The linearized Maxwell-Stefan film equation is algebraic, but it is strongly coupled to the particle because the apparent source term comes from the resolved particle boundary flux. The resulting block structure is useful for lecture purposes:

the reactor transport row contains axial convection-dispersion and the flux-based apparent particle source;
the film row contains the Maxwell-Stefan relation between $c_g$ , $c_b$ , and the same apparent source;
the particle rows contain radial diffusion-reaction with $c_b$ as the surface boundary value.
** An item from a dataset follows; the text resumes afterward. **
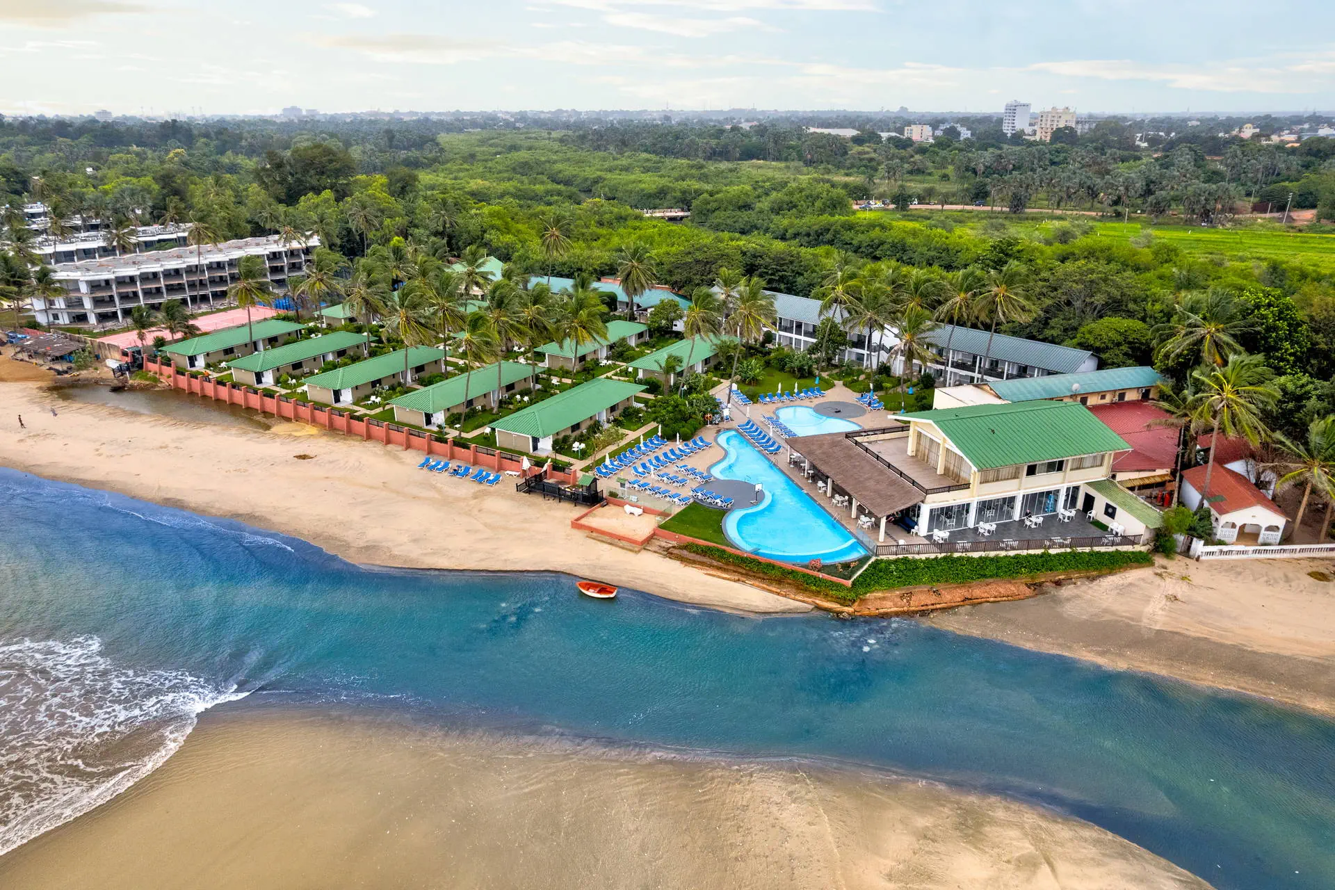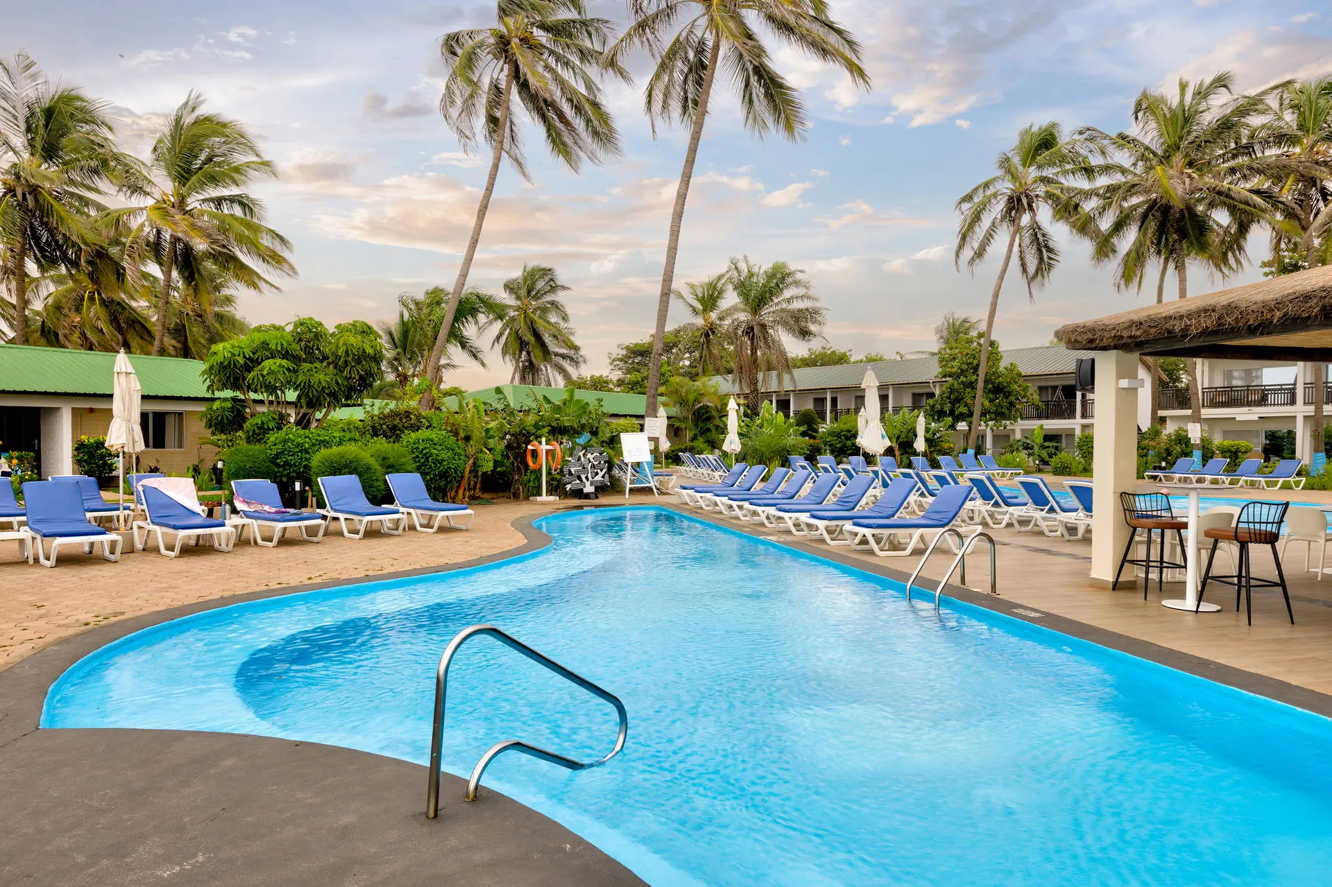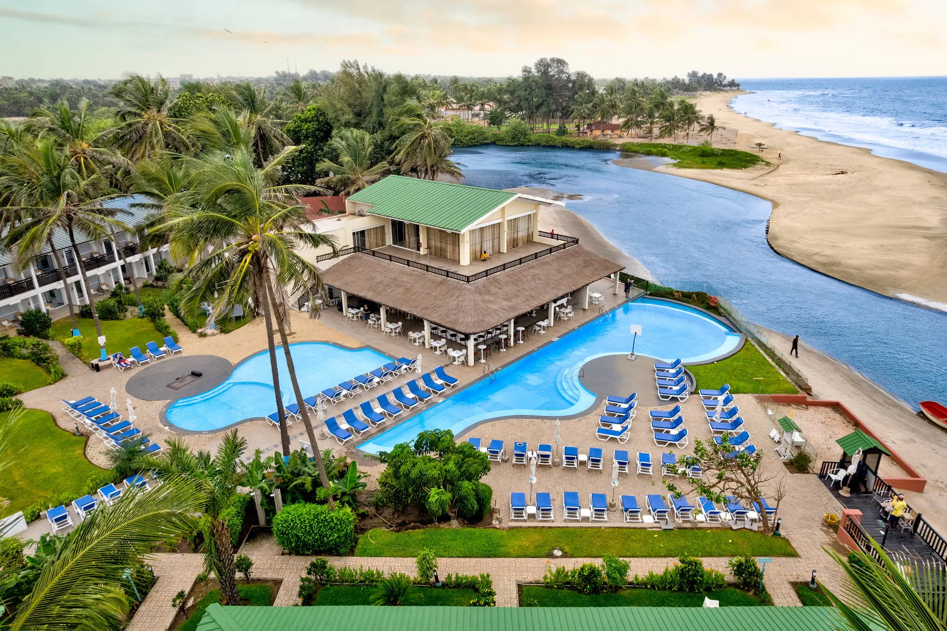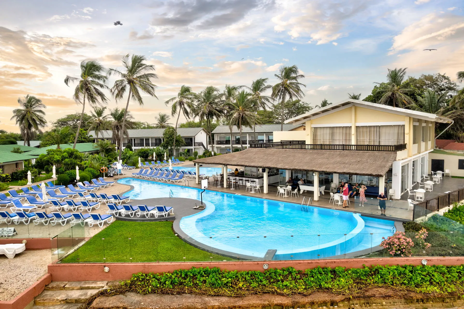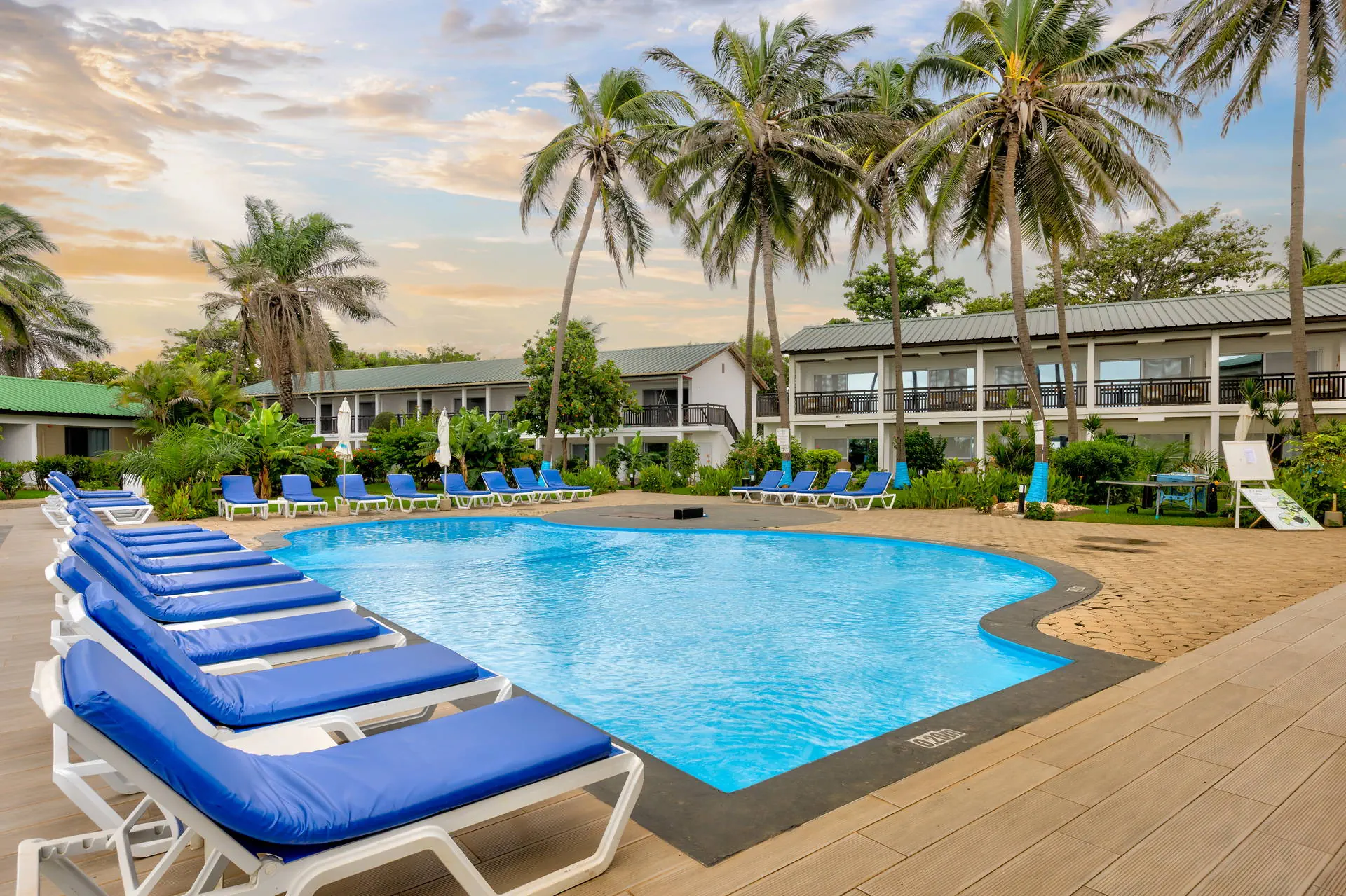 Odległość od lotniska wynosi około 20 km, a transfer trwa około 40 minut. Obiekt usytuowany jest niedaleko centrum handlowego Bengdula w miejscowości Kotu oraz pola golfowego z 18 dołkami. Hotel otoczony jest egzotycznym ogrodem, składa się z kilku niewysokich budynków usytuowanych wokół basenu. Całość terenu dopełniają doskonale wkomponowane palmy, tropikalne drzewa i mnóstwo kwiatów. Położony w cichej okolicy, sprzyjającej spacerom i obserwacji licznych gatunków ptaków.

The flux-based apparent source and the particle-volume averaged source should agree at steady state. The numerical check above compares them directly, so the implementation remains consistent with the earlier volume-average interpretation while using the same boundary-flux definition as the direct reactor-particle coupling notebook.

For very large pairwise film coefficients, the correction term becomes small and $c_b\approx c_g$ . For smaller coefficients, the boundary concentration difference becomes the external mass-transfer driving force. This is the point where a simple scalar film coefficient and a multicomponent Maxwell-Stefan film model start to behave differently.